“Academic histories mostly centered around the Dunning School,” McEwan says of the historiographical school of thought conceived by scholar William Archibald Dunning. It concluded that Reconstruction was a terrible mistake, which helped validate the film’s message, McEwan added.
Shortly after the Los Angeles launch, Thomas Dixon Jr. convinced President Wilson to screen the movie inside the White House, arguably the first time that was ever done. President Wilson reportedly said of the film, “It is like writing history with lightning. And my only regret is that it is all so terribly true.”
Although the quote’s authenticity has been disputed, there is no debate where Wilson stood on the issue of race. “He re-segregated the civil service,” says McEwan. “It’s not unreasonable to conclude that he thought the film was amazing.” And of course, a movie screened at the White House was going to be perceived as an endorsement of the film; one white supremacist in Georgia understood this implicitly.
William Joseph Simmons is considered to be the founder of the 1915 modern Ku Klux Klan. While recovering from a car accident, the local preacher in Georgia followed the Birth of a Nation’s nationwide success. There were KKK-inspired aprons, costumes and regalia that glorified the defunct organization. Simmons seized on the film’s popularity to bolster the Klan’s appeal again.

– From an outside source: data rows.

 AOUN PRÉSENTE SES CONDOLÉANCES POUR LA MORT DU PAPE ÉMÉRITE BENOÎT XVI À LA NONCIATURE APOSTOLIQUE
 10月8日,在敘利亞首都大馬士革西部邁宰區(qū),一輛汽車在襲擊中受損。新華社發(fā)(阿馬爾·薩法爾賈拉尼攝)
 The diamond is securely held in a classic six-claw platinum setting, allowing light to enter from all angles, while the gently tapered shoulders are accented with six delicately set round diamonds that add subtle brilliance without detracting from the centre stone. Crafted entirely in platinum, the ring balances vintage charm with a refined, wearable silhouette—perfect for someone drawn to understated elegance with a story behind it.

It wasn’t just the fraught racial tensions that made the timing of a rebirth feasible. The way the film was made, with innovating editing techniques and close-up action shots, was captivating.

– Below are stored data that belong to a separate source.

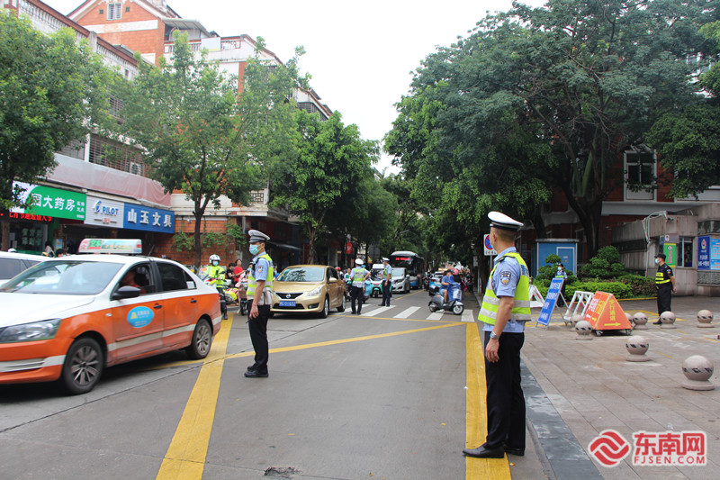 泉州市培元中学考点外交警、志愿者各司其职,为高考考生保驾护航。东南网记者 施远圻 摄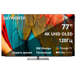77'' OLED, Ultra HD, Google TV, 900Nit, Bluetooth, 120Hz, Freesync Premium (AMD), 2.1.2 ch (2*15W+25W SUB+5W*2) Dolby Atmos, 4хHDMI, 2хUSB, Digital Audio Output, Composite output, LAN,CI, динамическая подсветка при включении, подставка с функцией поворота 10°, ультра-тонкий корпус 3,9мм, кожаные шильдики, 2025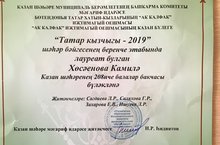Воспитанница подготовительной группы нашего детского сада - Хусаинова Камилла, стала Лауреатом первого этапа городского конкурса "Татар кызчыгы - 2019".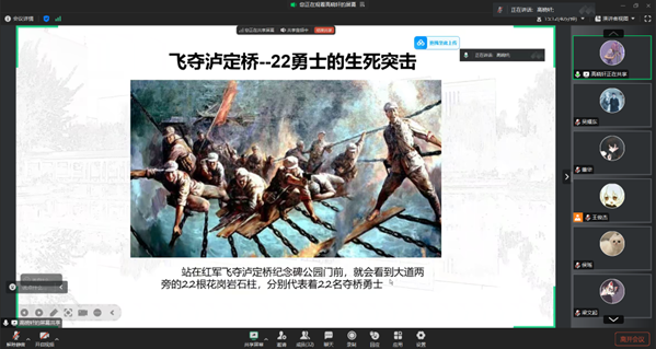 本次分享人为21级王永鑫,他介绍了22名勇士生死突击飞夺泸定桥的英勇事迹。在中国历史的长河中,飞夺泸定桥的事件以其惊险而悲壮的故事深深铭刻在人们心中。1928年,红四军在长征途中,为了确保大渡河的成功渡过,22名年轻的战士在几乎不可能的条件下,夜袭了泸定桥,创造了令人惊叹的历史奇迹。这一英雄壮举不仅是一次战术上的成功,更是信念与勇气的象征,至今激励着无数人。

“People were taken to another planet,” says Dick Lehr, author of The Birth of a Nation: How a Legendary Filmmaker and Crusading Editor Reignited America’s Civil War. “The galloping Klan riding to the rescue. The pure spectacle of it all,” says Lehr, romanticized the KKK. The film bolstered the idea that the Klan was there to save the South from savage Black men raping white women, a racist myth that would be propagated for years, Lehr adds.